When you retype the data, keep every word exactly and include none of the pictures.

──────── Recorded information ────────

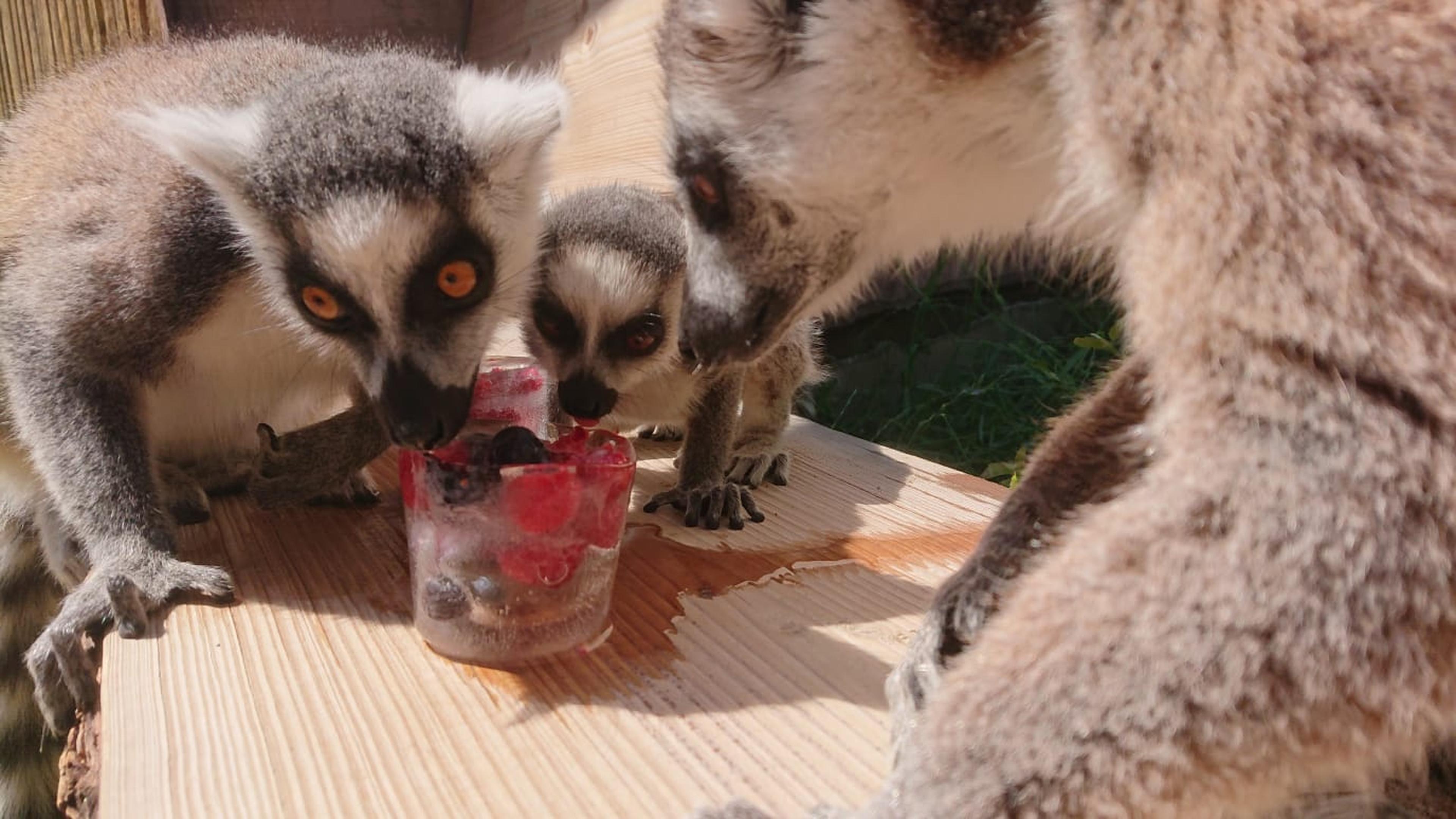 Niet alleen mensen verlangen met dit warme weer naar verkoeling, ook de dieren kunnen wel wat kouds gebruiken. Daarom werden onder andere de ringstaartmaki's, slingerapen en otters in ZooParc Overloon getrakteerd op speciale fruit-ijsjes.
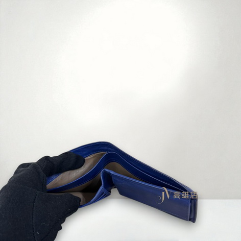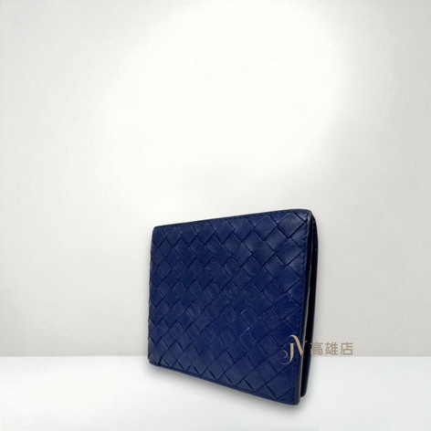 JP0152 BV短夾 藍色牛皮編織4卡內零錢袋對開短夾193642(高雄店)
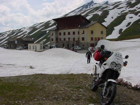 Schneeeinlage am Kleinen St. Bernhard, bis hierhin war es noch nicht so schwierig, kurz Schwung holen und mit viel Gas und viel Schneegewerfe nebst anschieben landete man auf dem ersten Stueck ohne Schnee

────────

## Task solution
 Niet alleen mensen verlangen met dit warme weer naar verkoeling, ook de dieren kunnen wel wat kouds gebruiken. Daarom werden onder andere de ringstaartmaki's, slingerapen en otters in ZooParc Overloon getrakteerd op speciale fruit-ijsjes.
 JP0152 BV短夾 藍色牛皮編織4卡內零錢袋對開短夾193642(高雄店)
 Schneeeinlage am Kleinen St. Bernhard, bis hierhin war es noch nicht so schwierig, kurz Schwung holen und mit viel Gas und viel Schneegewerfe nebst anschieben landete man auf dem ersten Stueck ohne Schnee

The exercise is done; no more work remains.